Task instructions → Repeat the records below exactly from the line containing "ヒーロー風カッコイイあだ名 | 『ウルトラていてつマン』『ネオテイテツ』 |" to the line containing "Colorful Lips Sweatshirt, Dripping", taking in both of those lines. Drop the pictures.

Material shown →
=== Begin Enclosure ===
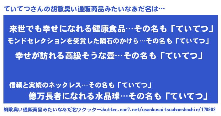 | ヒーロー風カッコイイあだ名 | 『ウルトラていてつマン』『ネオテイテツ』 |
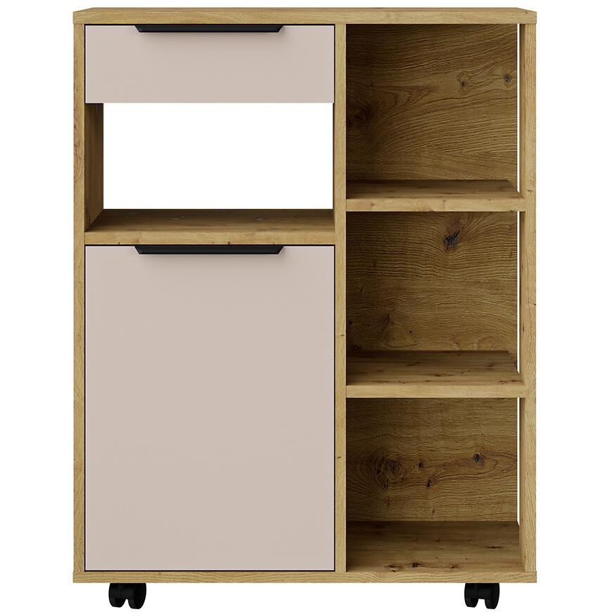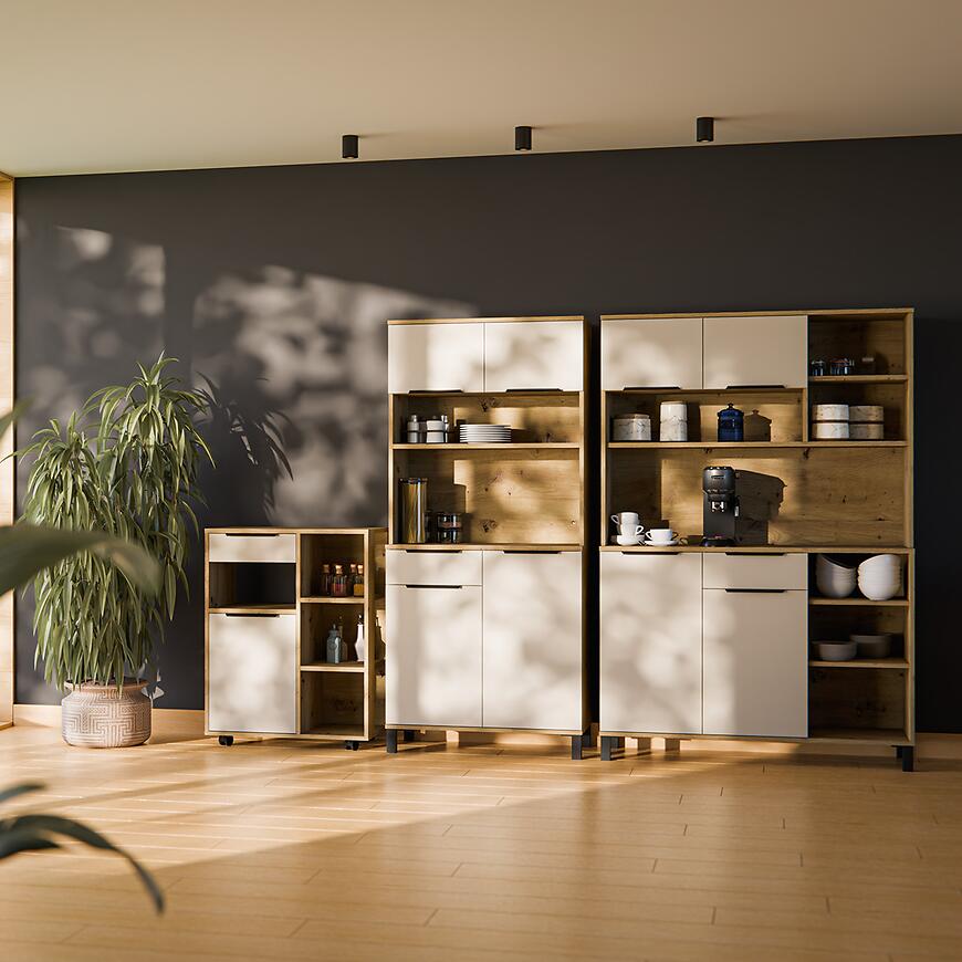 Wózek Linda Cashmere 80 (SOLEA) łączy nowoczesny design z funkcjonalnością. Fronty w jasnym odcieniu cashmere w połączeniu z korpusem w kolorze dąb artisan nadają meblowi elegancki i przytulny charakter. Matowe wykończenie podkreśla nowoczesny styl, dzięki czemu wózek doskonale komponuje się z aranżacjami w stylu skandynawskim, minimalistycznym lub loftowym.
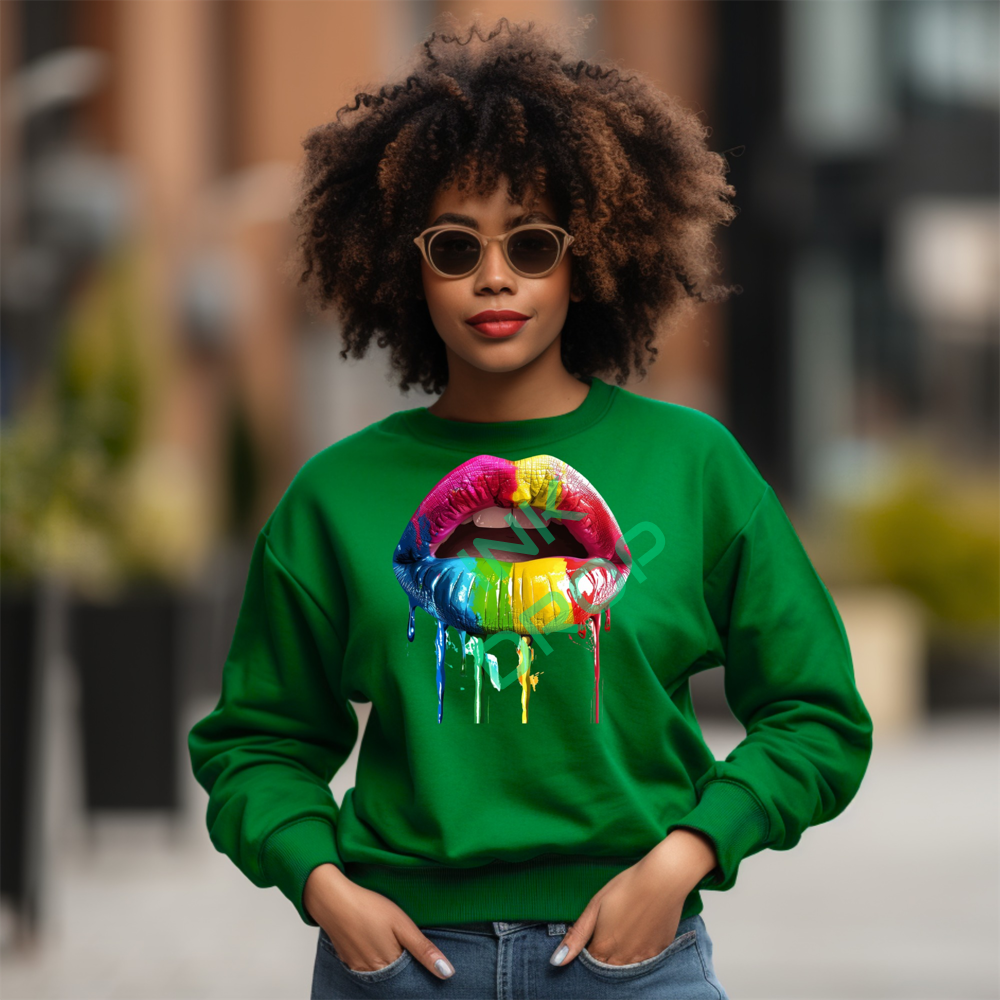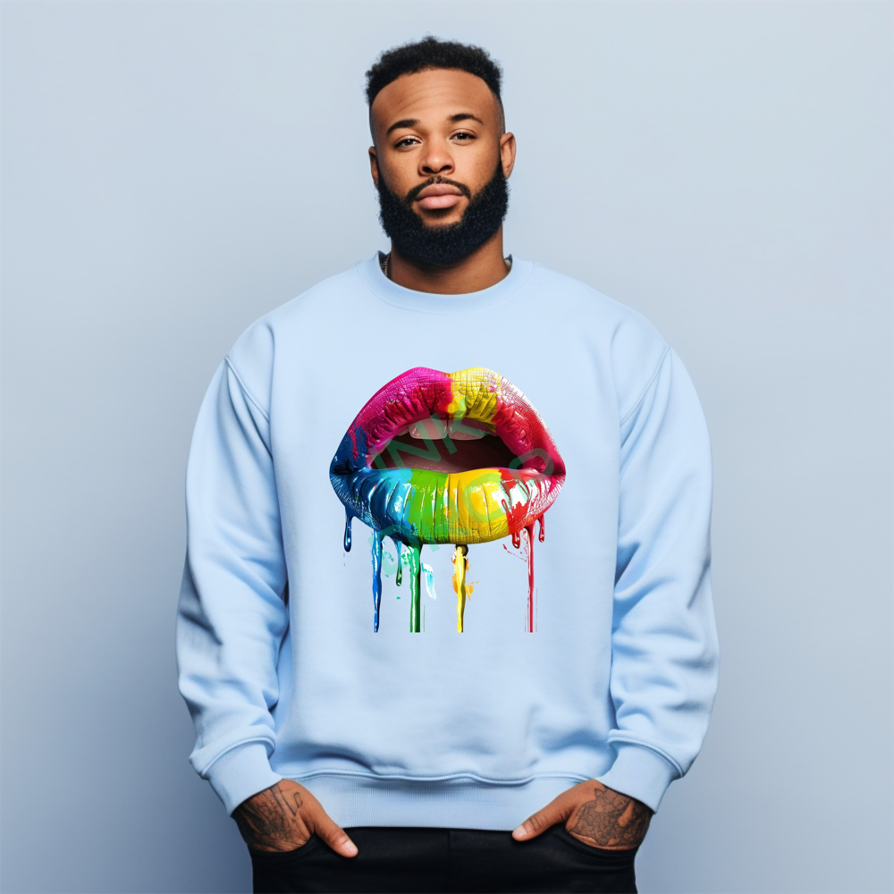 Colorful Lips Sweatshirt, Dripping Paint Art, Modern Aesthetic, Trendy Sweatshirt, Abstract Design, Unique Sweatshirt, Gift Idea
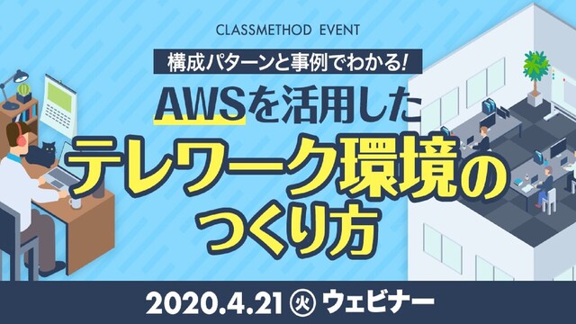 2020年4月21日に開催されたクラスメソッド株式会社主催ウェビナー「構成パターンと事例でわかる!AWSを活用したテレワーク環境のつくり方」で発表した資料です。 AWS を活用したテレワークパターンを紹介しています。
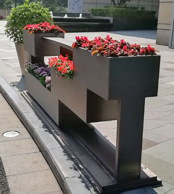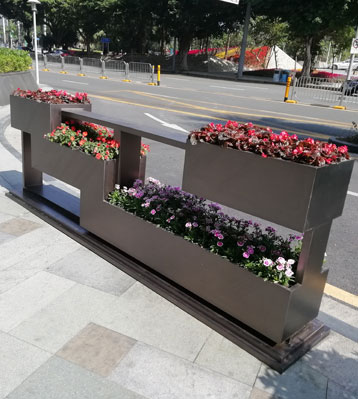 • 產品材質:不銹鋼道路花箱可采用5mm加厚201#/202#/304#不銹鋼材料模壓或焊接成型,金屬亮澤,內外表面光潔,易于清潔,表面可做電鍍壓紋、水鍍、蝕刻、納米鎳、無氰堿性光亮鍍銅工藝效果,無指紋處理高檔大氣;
=== End Enclosure ===
=== Begin Enclosure ===
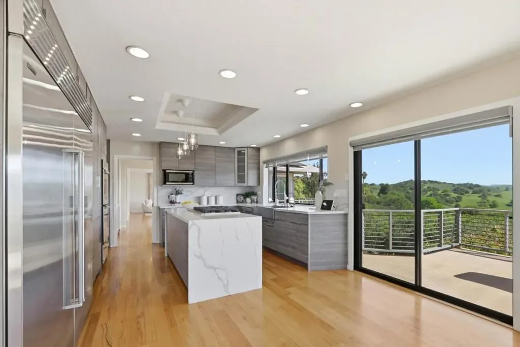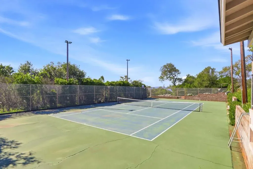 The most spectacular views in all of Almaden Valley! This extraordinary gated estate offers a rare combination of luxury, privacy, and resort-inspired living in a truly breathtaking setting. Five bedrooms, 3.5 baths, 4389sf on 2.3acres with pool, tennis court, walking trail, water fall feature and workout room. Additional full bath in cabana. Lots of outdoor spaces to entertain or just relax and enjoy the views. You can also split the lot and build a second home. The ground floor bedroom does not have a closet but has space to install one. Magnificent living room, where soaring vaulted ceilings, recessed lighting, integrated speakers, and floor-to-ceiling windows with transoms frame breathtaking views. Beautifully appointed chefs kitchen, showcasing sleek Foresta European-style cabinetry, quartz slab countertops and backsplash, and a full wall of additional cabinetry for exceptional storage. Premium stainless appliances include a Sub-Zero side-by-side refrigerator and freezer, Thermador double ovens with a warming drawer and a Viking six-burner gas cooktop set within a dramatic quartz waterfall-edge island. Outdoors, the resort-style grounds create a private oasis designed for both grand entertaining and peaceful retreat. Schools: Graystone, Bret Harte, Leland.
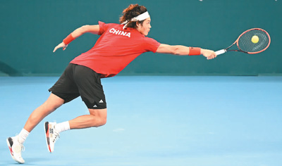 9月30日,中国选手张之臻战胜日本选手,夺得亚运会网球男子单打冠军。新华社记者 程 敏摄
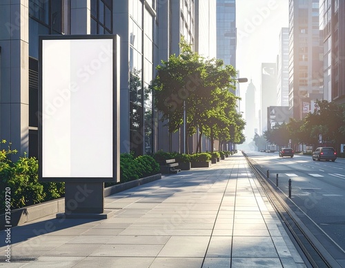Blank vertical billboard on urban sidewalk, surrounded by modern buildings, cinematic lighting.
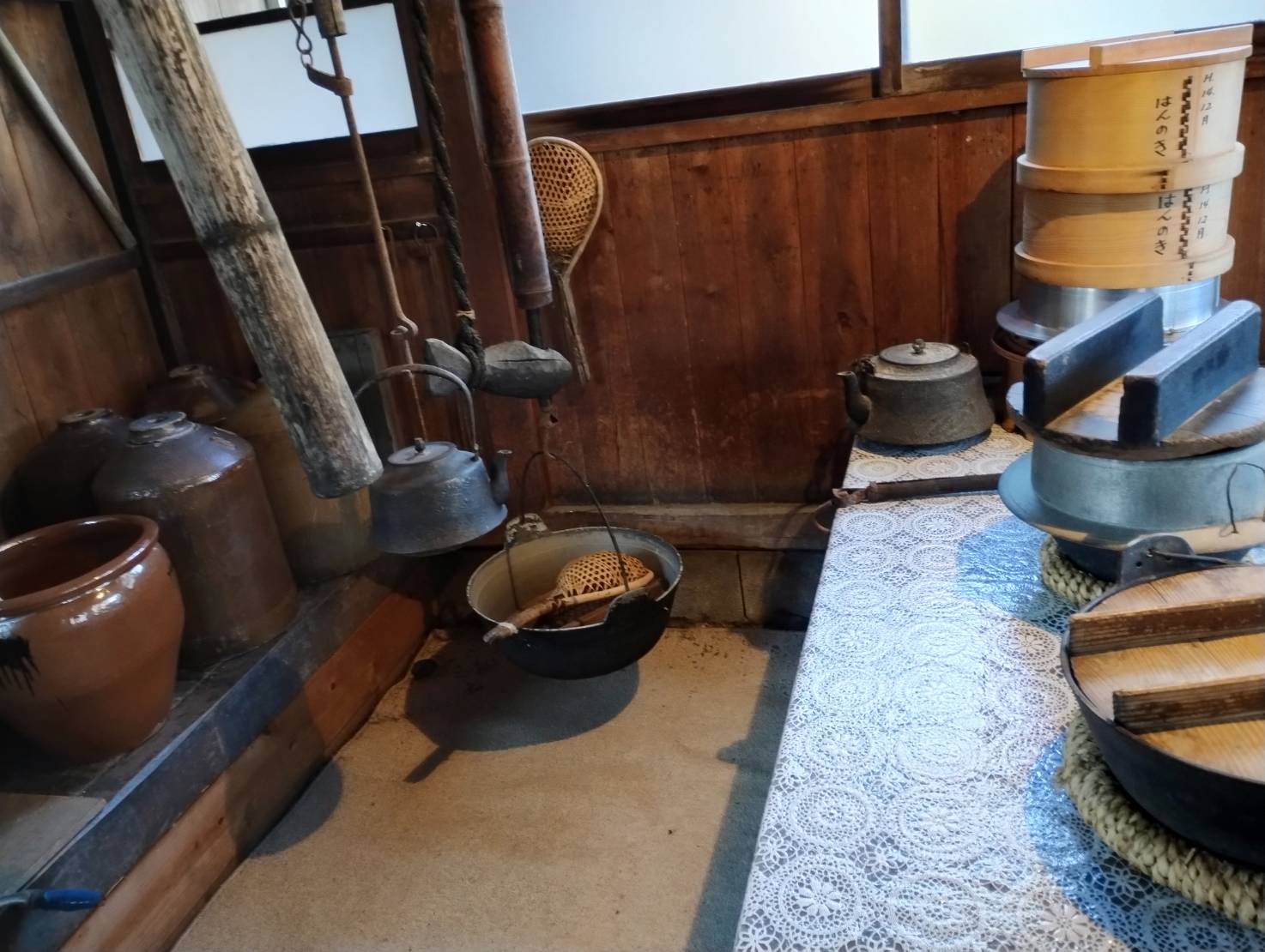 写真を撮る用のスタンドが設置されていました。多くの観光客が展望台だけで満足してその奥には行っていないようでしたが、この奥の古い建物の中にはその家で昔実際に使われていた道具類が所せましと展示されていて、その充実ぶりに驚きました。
=== End Enclosure ===
=== Begin Enclosure ===
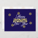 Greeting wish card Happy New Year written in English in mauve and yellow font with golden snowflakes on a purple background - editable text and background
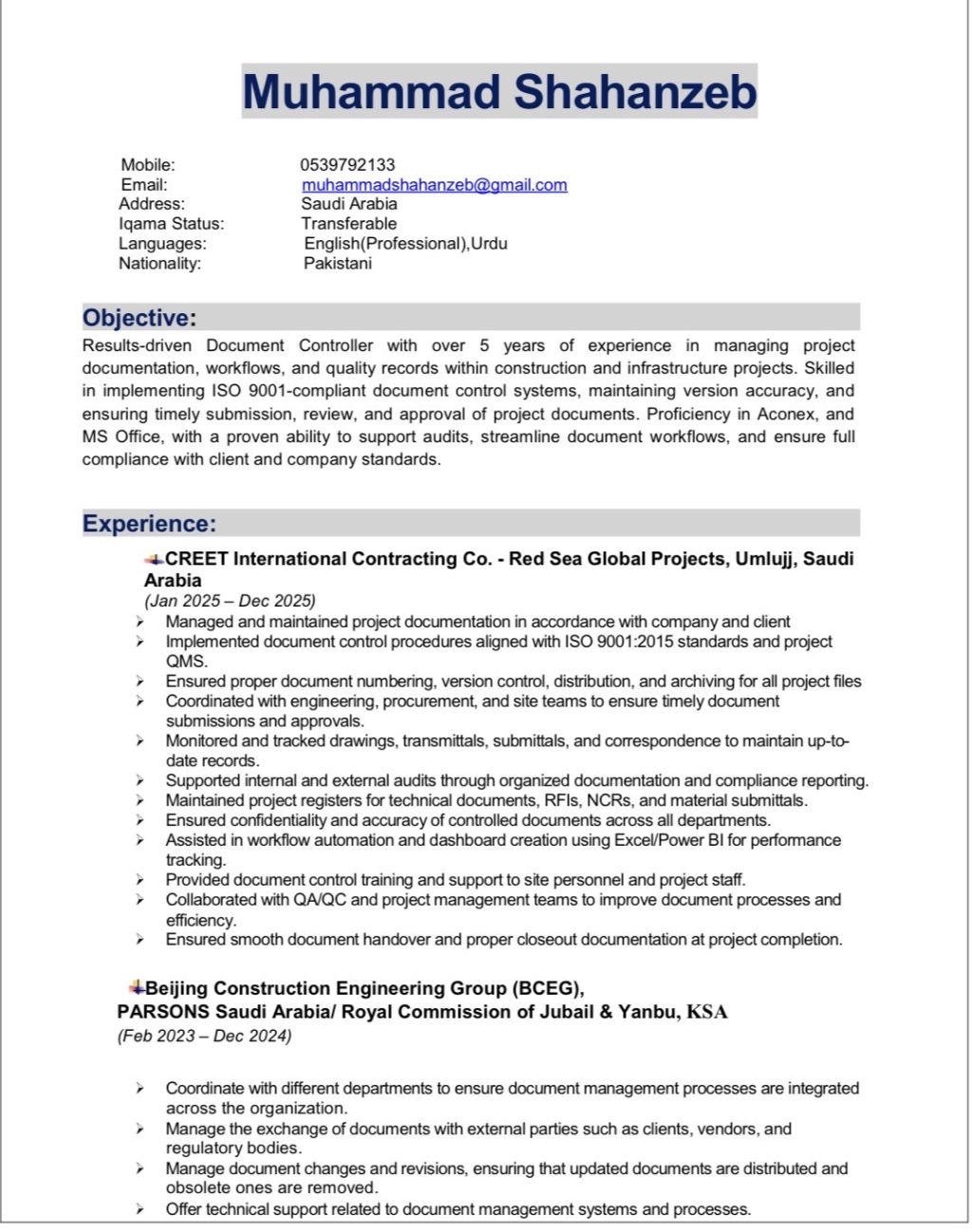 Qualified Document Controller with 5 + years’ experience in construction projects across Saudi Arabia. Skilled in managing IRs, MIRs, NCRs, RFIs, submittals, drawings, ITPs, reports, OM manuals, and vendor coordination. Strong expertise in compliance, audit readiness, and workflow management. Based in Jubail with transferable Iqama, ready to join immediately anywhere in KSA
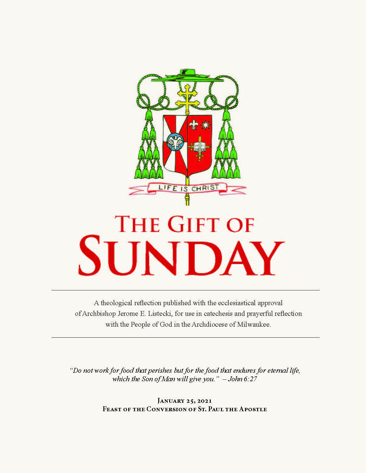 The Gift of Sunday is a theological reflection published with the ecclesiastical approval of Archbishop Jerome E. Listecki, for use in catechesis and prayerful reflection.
=== End Enclosure ===
Exercise output →
 | ヒーロー風カッコイイあだ名 | 『ウルトラていてつマン』『ネオテイテツ』 |
 Wózek Linda Cashmere 80 (SOLEA) łączy nowoczesny design z funkcjonalnością. Fronty w jasnym odcieniu cashmere w połączeniu z korpusem w kolorze dąb artisan nadają meblowi elegancki i przytulny charakter. Matowe wykończenie podkreśla nowoczesny styl, dzięki czemu wózek doskonale komponuje się z aranżacjami w stylu skandynawskim, minimalistycznym lub loftowym.
 Colorful Lips Sweatshirt, Dripping Paint Art, Modern Aesthetic, Trendy Sweatshirt, Abstract Design, Unique Sweatshirt, Gift Idea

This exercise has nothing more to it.